A bipartisan consensus has emerged in Congress and state legislatures on the need to focus on finding ways to reduce the over 2 million people in our prisons and jails and make our communities safer.
With 18 to 24-year-olds making up roughly one in five people incarcerated in America’s prison and jails — about half of whom are people of color — reducing the number of these young adults locked up is a necessary step towards enhancing public safety.
Young adults are overrepresented in our prisons and jail. Victims of serious violent crime are also disproportionately young, people of color, and lower income, underlining that the communities most impactedby crime and incarceration are often the same. In a report released last week at a convening with public safety leaders, the Justice Policy Institute (JPI) surveyed four dozen justice system stakeholders across the country on what they thought needed to happen to improve how we serve young adults.
The public safety stakeholders we heard from said we should refocus our efforts towards community-based approaches that meet the needs of young adults, largely outside the justice system.
The stakeholders we convened said we should fashion an approach to young adults that is community-based, developmentally appropriate, individually tailored, and affords more confidentiality around criminal records — all policy approaches that reflect the best practices seen in the juvenile justice system, where youth confinement and youth crime rates have both fallen dramatically.
We heard that there was a need to ensure that young adults get the schooling, housing, job training, and health care they need to move past crime, echoing the call offered this week by the D.C-based Center for Court Excellence on what people leaving federal prisons need to succeed when they return to D.C.’s communities.
While these national and local research pieces highlight the importance of holistic, community-based approaches to improving public safety and reducing young adults justice system involvement, the Washington Post recently critiqued only one part of what we heard stakeholders want, one law (the Youth Rehabilitation Act), and its modest provisions to help young people change their behavior.

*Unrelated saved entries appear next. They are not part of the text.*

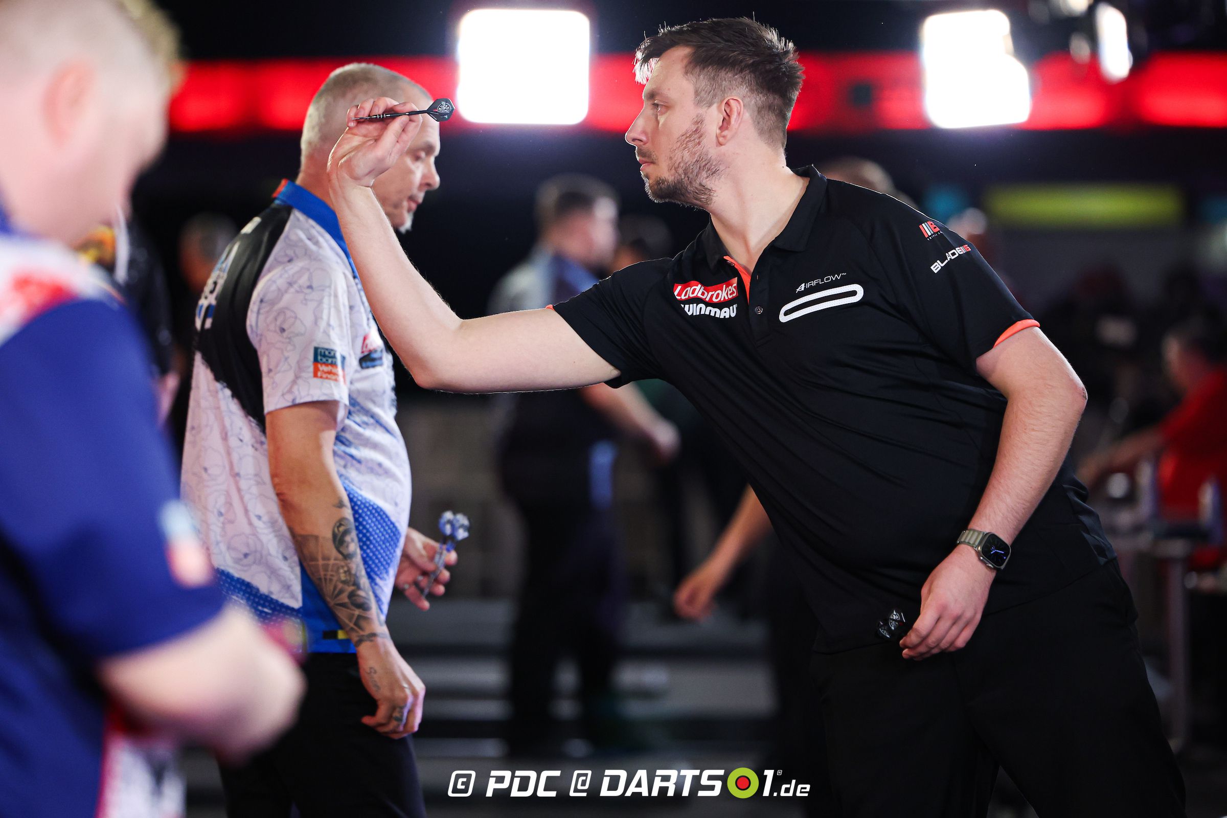 Den Kampf der beiden Engländer, Brett Claydon gegen Thomas Lovely, entschied Claydon mit 6:4 für sich. Im Anschluss sah man den einzigen Dänen im Feld, Benjamin Drue Reus („The Flying Star“) gegen einen von vielen Niederländern, den 19-jährigen Bradly Roes. 2023 konnte der 25-jährige Benjamin Drue Reus zusammen mit Vladimir Andersen beim Word Cup of Darts auf sich aufmerksam machen, heute konnte er im Alleingang mit einem 6:4 Sieg über Bradley Roes die Aufmerksamkeit auf sich ziehen.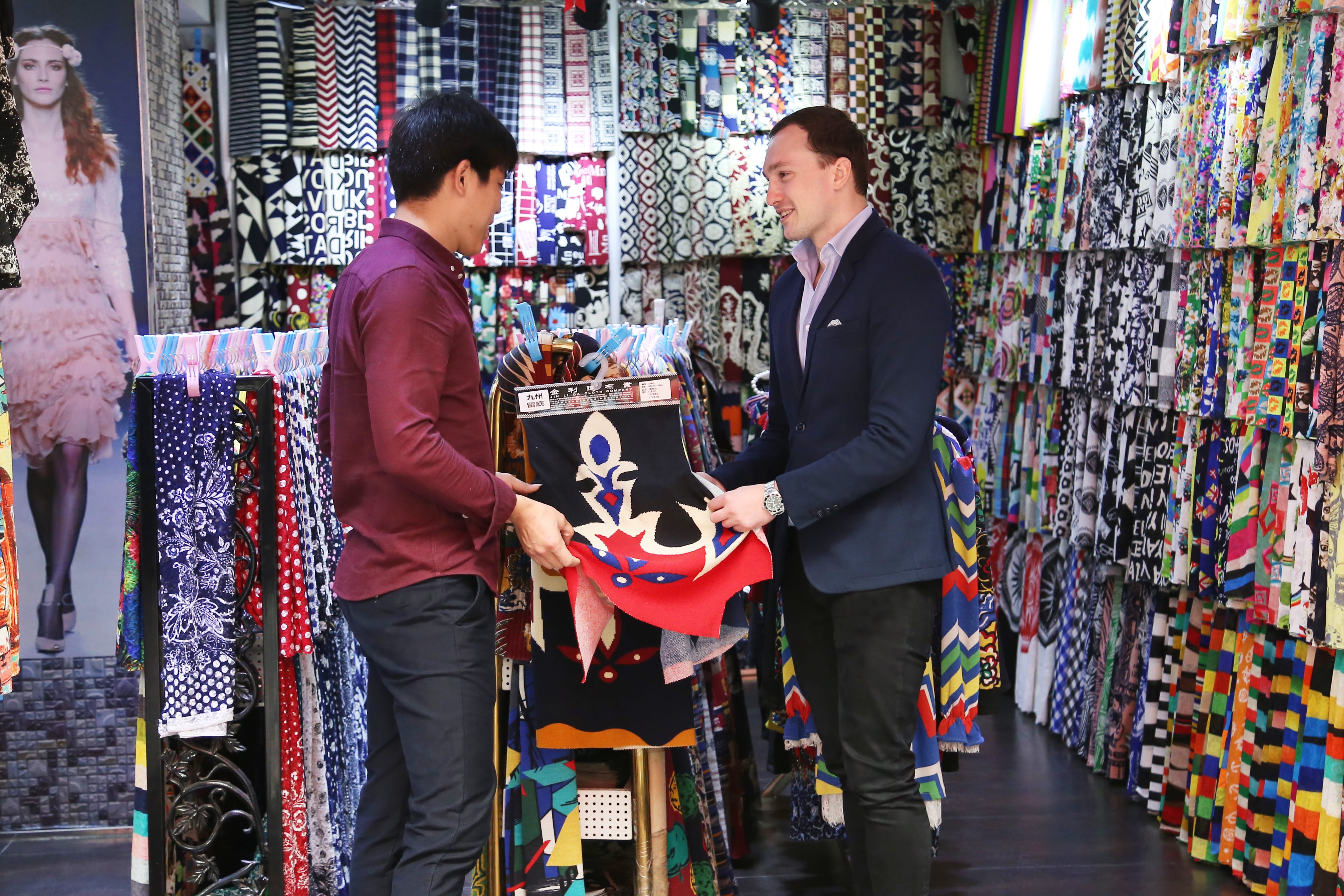 In the photo: CEO Roman Kirsch in China looking at textiles. Photo credit: Lesara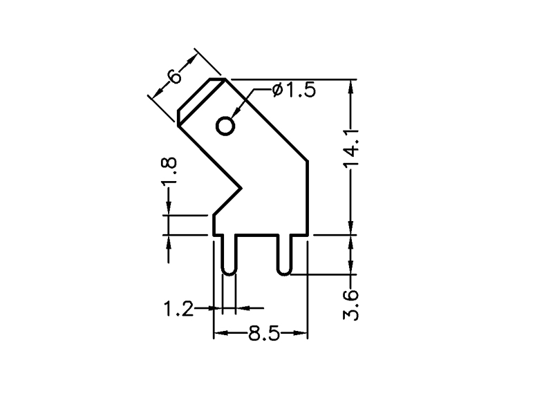 Through Hole Mount 45 Degree Angled PCB Male Spade Terminal. Tab size 6.0×0.8mm (.250″). Current rating 15A. Material Tin Plated Brass.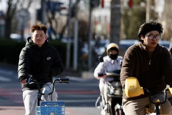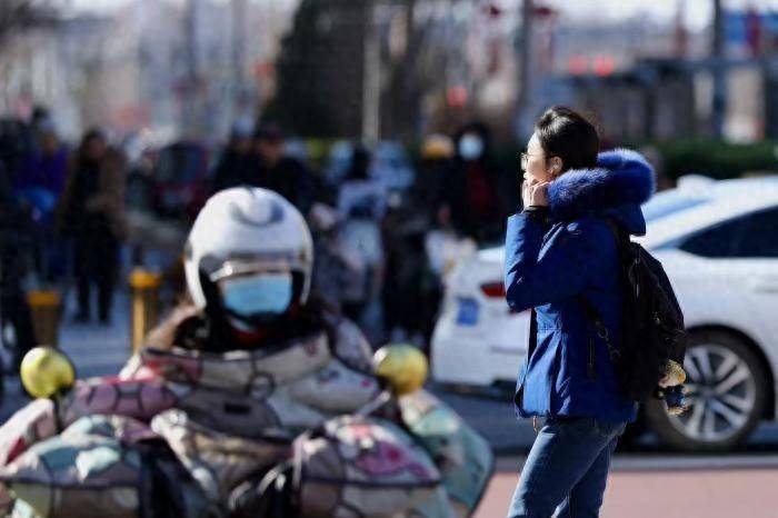 当日,市民风中出行。

This law, and others like it give someone in their late teens and early twenties the opportunity for the kind of individually tailored sentences and confidentiality more often afforded to youth in the juvenile justice system than young adults in the criminal justice systems.

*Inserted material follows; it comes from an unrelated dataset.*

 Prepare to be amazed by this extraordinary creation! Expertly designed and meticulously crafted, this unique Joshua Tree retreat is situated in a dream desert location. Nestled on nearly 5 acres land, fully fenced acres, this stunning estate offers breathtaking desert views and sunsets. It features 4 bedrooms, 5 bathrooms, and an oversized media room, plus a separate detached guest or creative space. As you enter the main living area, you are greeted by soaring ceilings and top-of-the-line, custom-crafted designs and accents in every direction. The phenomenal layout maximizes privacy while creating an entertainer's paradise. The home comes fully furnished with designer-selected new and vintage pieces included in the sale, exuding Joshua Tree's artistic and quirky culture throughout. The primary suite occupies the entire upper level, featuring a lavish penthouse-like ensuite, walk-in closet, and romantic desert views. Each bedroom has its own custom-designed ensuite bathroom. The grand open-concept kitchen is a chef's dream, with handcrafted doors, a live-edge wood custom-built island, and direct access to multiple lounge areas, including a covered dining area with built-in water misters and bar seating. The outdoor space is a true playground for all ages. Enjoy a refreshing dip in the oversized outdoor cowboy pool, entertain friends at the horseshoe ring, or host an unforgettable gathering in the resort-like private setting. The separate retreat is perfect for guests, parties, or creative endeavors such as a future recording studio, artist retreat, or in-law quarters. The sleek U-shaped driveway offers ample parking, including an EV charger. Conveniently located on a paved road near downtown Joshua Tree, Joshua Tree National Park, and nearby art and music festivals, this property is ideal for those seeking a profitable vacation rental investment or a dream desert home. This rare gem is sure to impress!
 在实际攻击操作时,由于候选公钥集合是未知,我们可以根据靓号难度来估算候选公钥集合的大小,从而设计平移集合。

If we are going to enhance public safety and reduce prison and jail populations, we need to heed the words of D.C. Attorney General Karl Racine, and provide “the kind of information the public is owed,” showing the full picture on how to best serve young adults.

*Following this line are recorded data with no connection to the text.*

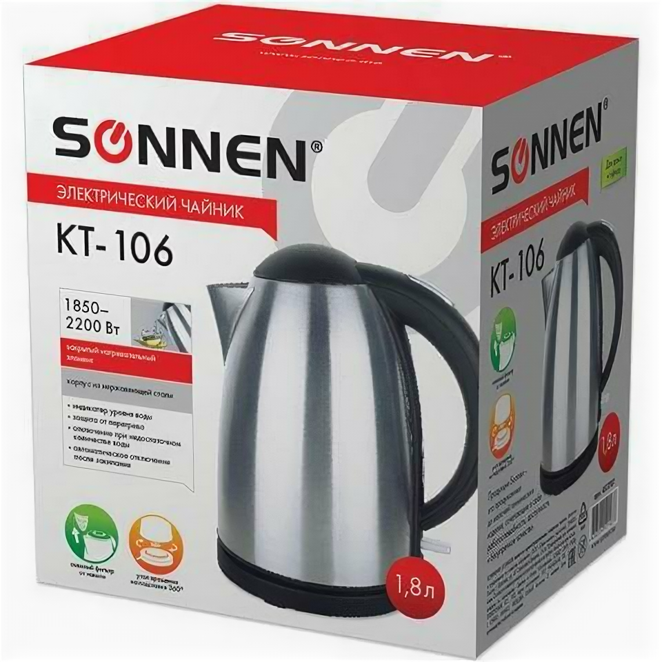 99018116151 Электрочайник SONNEN KT-106 серебристый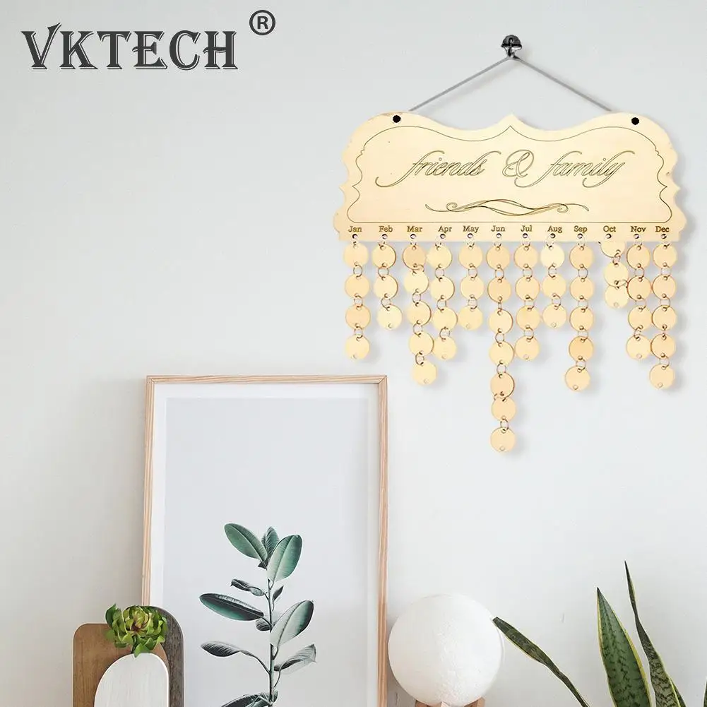 Календарь, деревянная доска с напоминанием на день рождения и бирками, украшение для дома, браслет с трекером на годовщину, настенное украшение с календарем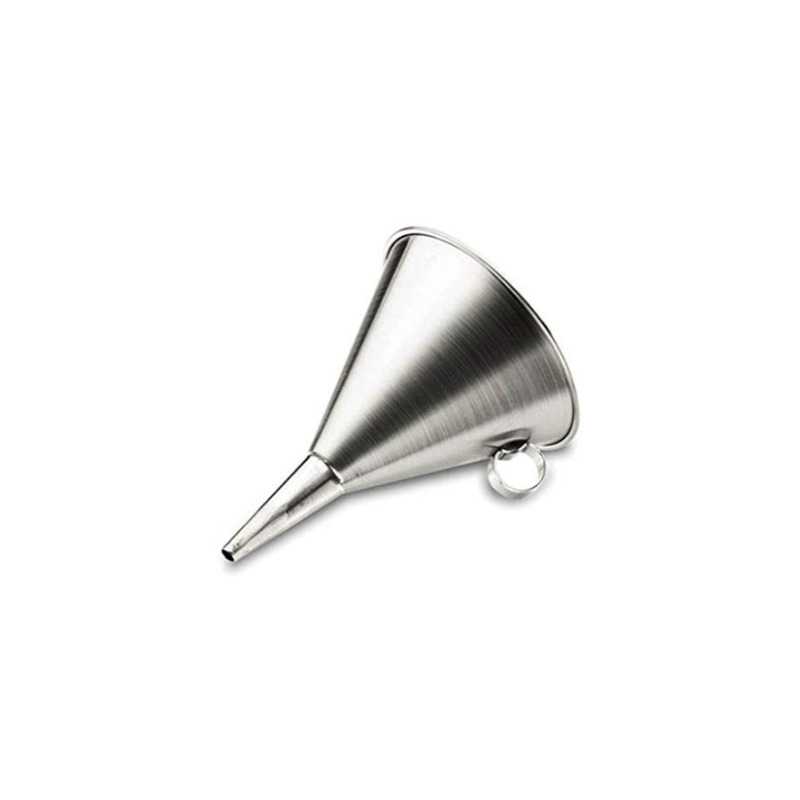 Stainless steel piston funnel suitable for liquid consistency products such as coulis, sauces, and creams, allowing for precise distribution. This professional utensil comes with a stand for stable use. Dishwasher safe. 7.5mm nozzle.
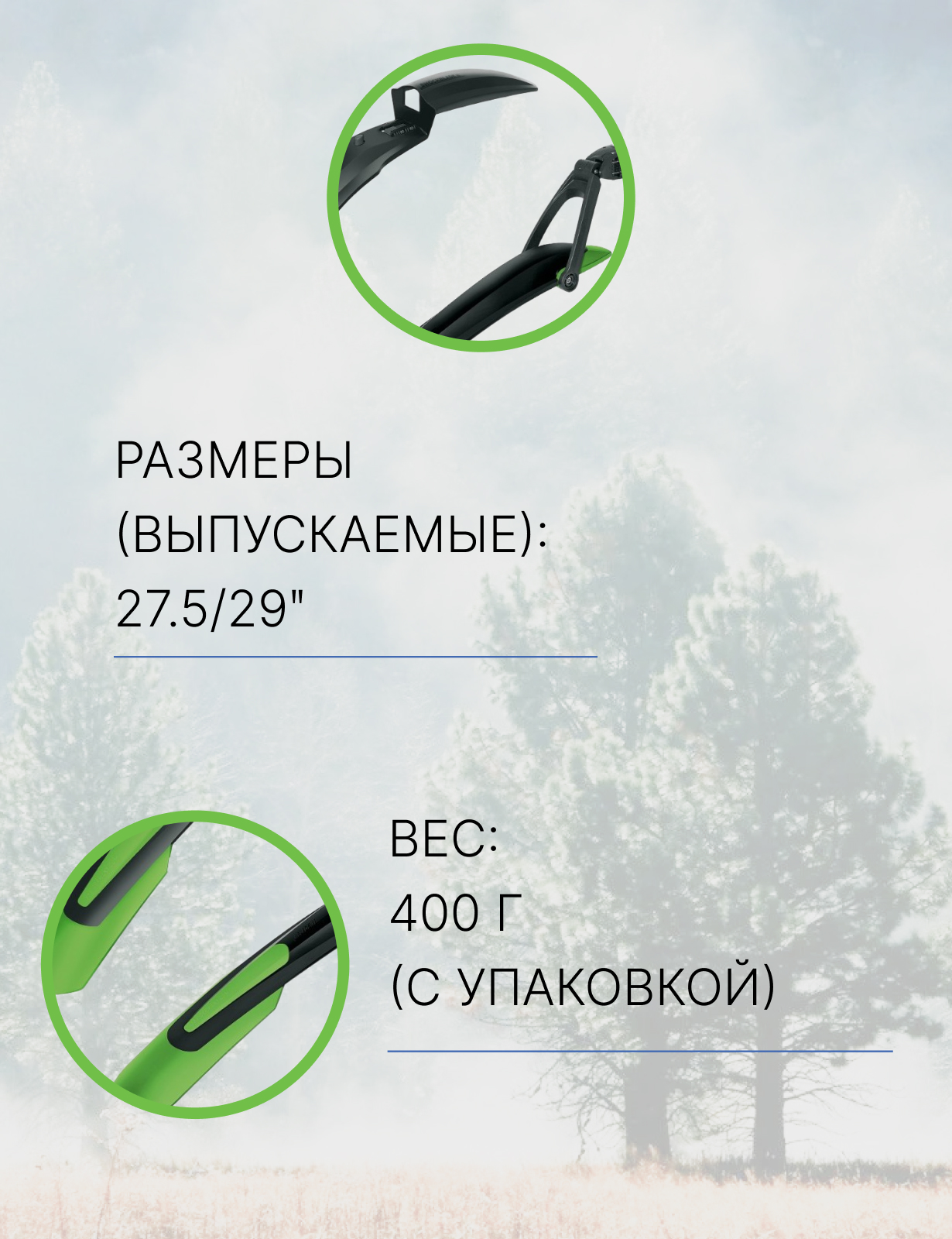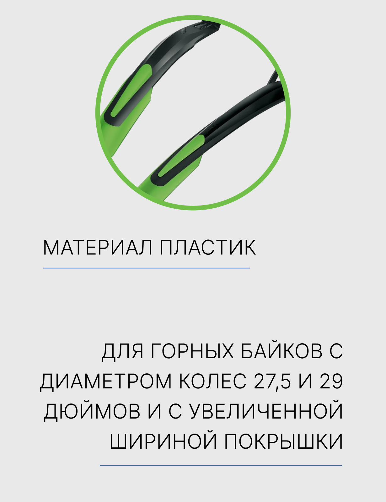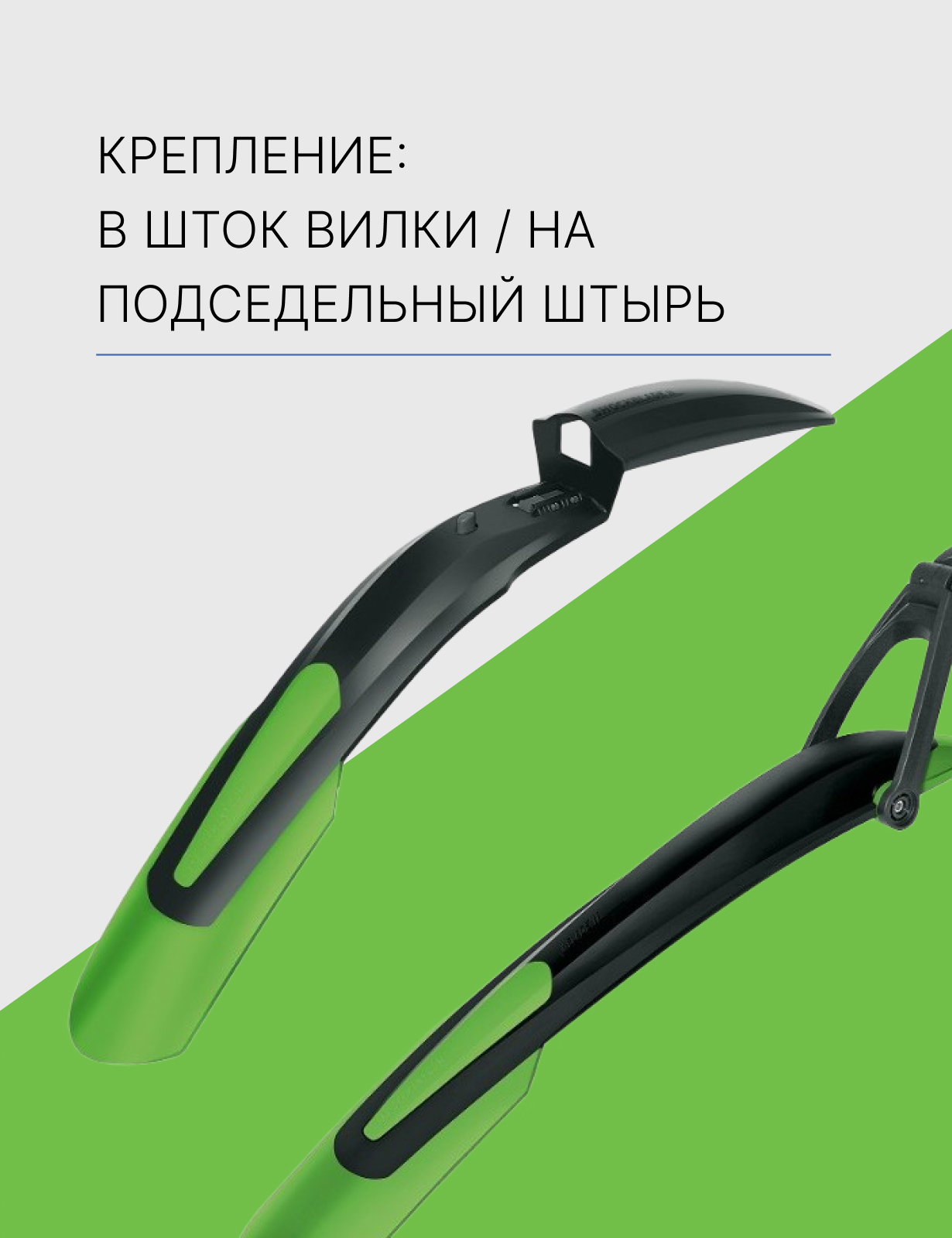 Комплект крыльев SKS Blade Plus разработан специально для горных байков с диаметром колес 27,5 и 29 дюймов и с увеличенной шириной покрышки. Крылья выполнены из качественного пластика с мягкими брызговиками на концах. Переднее крепится в шток вилки (в комплекте дополнительные адаптеры), заднее - за подседельный штырь. Вес комплекта с упаковкой - 400 грамм. Цвет: черный/зеленый.

The full picture means, expanding provisions that allow a young person leaving prison some confidentiality around their record so they can get a job, get housing and successfully transition into a productive, law abiding adult.
The next president, the next Congress, and the next D.C. Council need to afford more confidentiality protections for young adults leaving prison and jail, not curb them.
The full picture means, doing a better job of addressing the needs of crime victims, and give them what they say they need when they’ve been harmed. A recent survey showed that six out of 10 crime victims preferred shorter prison sentences and more spending on prevention and rehabilitation, versus keeping people in prison for as long as possible, and better access to information and services.
Instead of needlessly long prison terms that the research show will not make us safer, local and federal policymakers should be leveraging the increased funding available under the Victims of Crime Act to ramp up services for crime victims across the country.
The full picture means, federal and local leaders need to take steps that are consistent with the research, and ensure that young adults have every opportunity to succeed upon release.
If a young person is sentenced to prison, they should be close-to- home, not sent to a federal prison hundreds of miles from D.C. And wherever a young adult is confined, we need to plan for their return home from the day they touch the system, and prepare them to connect to a job, housing, and family support so they can move past crime.
The full picture of our public safety challenge must include the fact that the vast majority of young adults that benefit from laws that affords them a slightly shorter sentence, and more confidentiality around their records will almost never go on to engage in the kind violence that garners newspaper headlines.
Finally, President Obama’s administration and D.C. government put more money into community-based approaches to connect young adults to jobs, treatment and housing. If we want the full picture, we need to follow the research on how to improve our approach to young adults, continue these efforts, analyze them for their efficacy, and reject changes that will simply lengthen prison-terms, and do little to make us safer.